Most fights at school or with bullies start with pushing. The auto-response of Chain Punching after being pushed is always a great drill for kids. The average attacker, will not defend against them very well. His knowledge base and application should increase as he and his Wing Chun matures. Looking forward to seeing more from this kid as he continues his journey.


----------



## geezer (Jul 9, 2015)

Callen said:


> Most fights at school or with bullies start with pushing. *The auto-response of Chain Punching after being pushed is always a great drill for kids.* The average attacker, will not defend against them very well. His knowledge base and application should increase as he and his Wing Chun matures. Looking forward to seeing more from this kid as he continues his journey.



The only trouble with that response is that it will result in an automatic 10 day suspension from school in the district where I work ...and similar penalties in most other districts. _That_ can result in angry parents blaming the WC instructor. Right or wrong, such a pre-emptive response comes with consequences, and so should be reserved for extreme cases of self defense against violent assault.
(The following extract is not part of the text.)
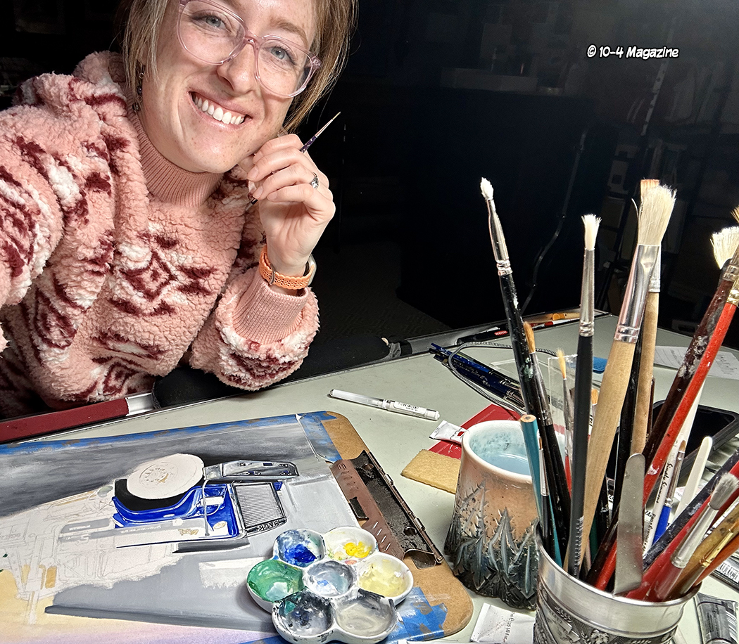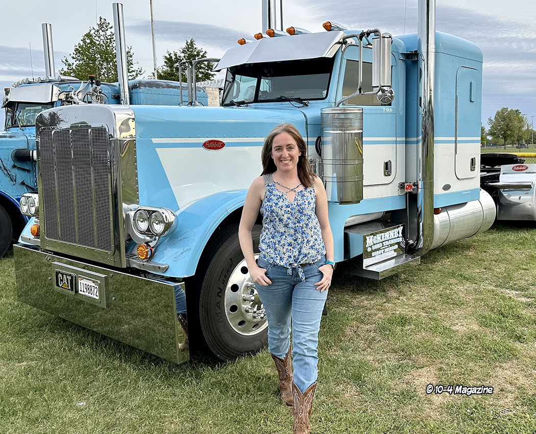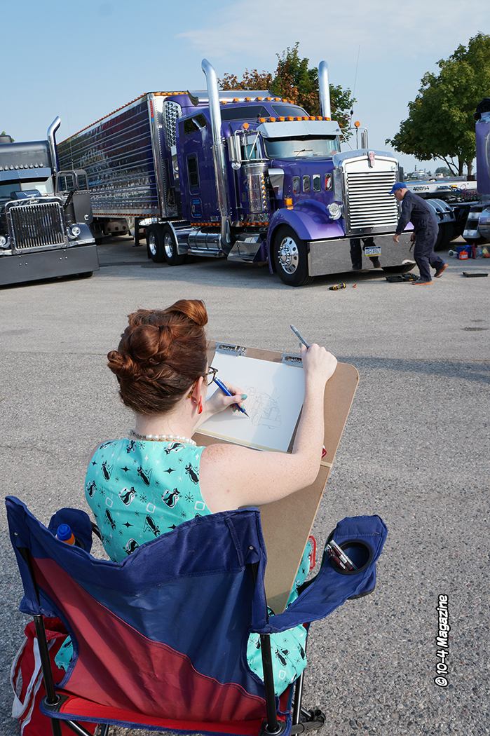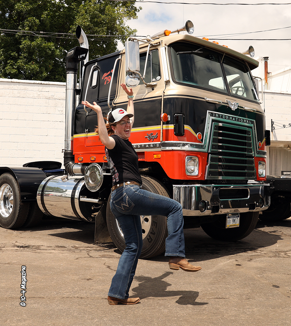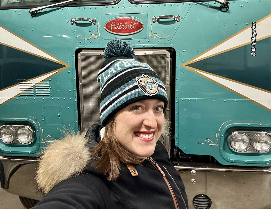 The red hair, the big smile, the videos, and of course the amazing truck art – these are just some of the things that encompass the woman that is Miss Flatbed Red. This 35-year-old gal resides in Findlay, OH, a thoroughfare for many trucks to pass through, and a location that keeps her fairly close to most of the vintage ATHS shows she attends. Whether by plane, car, or in her single axle 1980 Peterbilt 352 factory box truck, you can find her wandering the grounds at a show. Like some of us, she doesn’t come from a trucking background, and like artists of every style, she started out doing portrait and pet drawings, which is something she had done since forever. She studied music in college, but was drawing throughout that time, so much so that her music teacher even said she should be an artist. In search of her niche in drawing, everything changed when she drew that first truck – and she hasn’t looked back since. Some may wonder how this young lady came up with the handle “Miss Flatbed Red” – it was a week or two process, searching for a website domain that would incorporate an old school pinup style vibe. The closest to any truckers in her family was her father who, after retiring from the police department, obtained his Class B CDL and drove a box truck for a few years. Even though she didn’t need a CDL to operate her historically plated 352, she obtained her CDL in November 2022. Flatbed Red has been married to her husband Chris since 2016 and together they have three cats, including one named Transtar Rose, because she dreamed of having a model 4070B or 4300, but got a cat instead. As she humorously stated, “My jobs are people’s hobbies,” which includes piano lessons and teaching couples how to dance. All her artwork is commissioned, and she used to draw at shows, completing each piece in roughly two hours. This gal came into contact with our very own John Testa at the 2019 ATHS National Convention in Reno, NV but was unable to speak for an interview because she had lost her voice. There was an article done on her by Kim Jaikes in March 2020 where Flatbed Red also submitted some images to accompany the article. That was just the beginning of contributions, as she has contributed every month since April 2020 in her feature “Red’s Rides” where she showcases some of her completed truck art. Her favorite type of truck shows are the ones without any awards because the atmosphere is calm and relaxed. In her eyes (and many others), truck people are the best people. When asked about her involvement in the magazine, she said, “It’s really frickin’ cool! It feels really special to be a part of something as big at 10-4 Magazine.” She enjoys being able to refer people to the magazine. We appreciate you Miss Flatbed Red and we are happy you are part of the 10-4 family! Thank you for the amazing artwork you contribute to our beloved magazine every month!

A couple years back I witnessed an argument between two high school students suddenly reach the flash-point and a large athletic kid  hauled-off and punched a much smaller boy hard enough to break his nose. The attacker was suspended for ten days and the boy with the broken nose, was suspended for just five (he would have gotten ten days as well if I hadn't gone to bat for him).
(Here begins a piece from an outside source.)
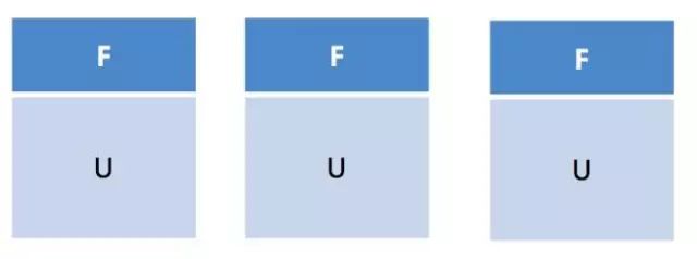 译者注: 下图中代表一个具有3个failgroup的Normal冗余的磁盘组。其中每个failgroup:F代表free的空间 ,U代表已经使用的空间。
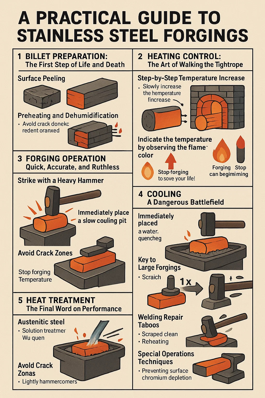 Zastavte kování teploty: Austenitická ocel ≥ 850 ° C, Martensitická ocel ≥ 950 ° C (pod touto teplotou se nevyhnutelně praskne).

Seriously, today's mindless "zero tolerance" policies in schools mean that even young kid's must learn effective awareness, avoidance, de-escalation, and escape skills even in schoolyard tussles. Honestly, they may face a higher bar in proving self-defence to school administrators than an adult dealing with the authorities in a similar encounter.

Other than that, I agree that chain punching is an effective instinctive response. And sometimes it might be worth the consequences to put a stop to bullying. It's a tough call.


----------



## Callen (Jul 10, 2015)

Yes sir. I agree with those statements as well.

It's always good for kids to understand effective awareness, avoidance, de-escalation, and escape skills regardless of their ability to defend themselves. In fact, those should also be taught by their Sifu. In my opinion, one of the most important lessons for kids learning Gong Fu (or any Martial Art) is the concept of respect, responsibility and discipline. Teaching the traditions of Wu De should be part of a young student's curriculum from day one.


----------



## PiedmontChun (Jul 10, 2015)

At the very least, I would think a good response to train for when pushed is immedietely raising hands to guard (man sau wu sau) with forward intention (versus just posing in mid air). From there it can shield or intercept an incoming strike much faster than having hands at your side, and its still an essentially defensive posture, not offensive if there is concern about kids getting flack for counter attacking a bully. Pretty basic.

I was a big kid growing up and didn't get bullied by anyone my own age; I did see much smaller friends and girls get mercilessly hassled though. Its ironic and strange that the things we have "zero tolerence" for in schools and punish both parties for could often be considered "assault" or at least "harrasment" in the adult world, complete with a legal system to uphold the distinction. How many adults would appreciate what is essentially victim blaming / shaming if they defended themselves only to face the same punishment as their attacker?


----------



## Jake104 (Jul 13, 2015)

geezer said:


> The only trouble with that response is that it will result in an automatic 10 day suspension from school in the district where I work ...and similar penalties in most other districts. _That_ can result in angry parents blaming the WC instructor. Right or wrong, such a pre-emptive response comes with consequences, and so should be reserved for extreme cases of self defense against violent assault.
> 
> A couple years back I witnessed an argument between two high school students suddenly reach the flash-point and a large athletic kid  hauled-off and punched a much smaller boy hard enough to break his nose. The attacker was suspended for ten days and the boy with the broken nose, was suspended for just five (he would have gotten ten days as well if I hadn't gone to bat for him).
> 
> ...


At my sons high school just being involved in a physical altercation results in automatic suspension for all parties. So if student A attacks student B and student B does nothing. Both parties get suspended. So logically if your going to do the time no matter what? You might as well do the crime? I tell my son who's a senior now, to defend himself no matter what. I'll handle the staff. I'll pretend that what he did ( standing up and defending himself) was wrong and on the way home I'll buy him an ice cream cone!


----------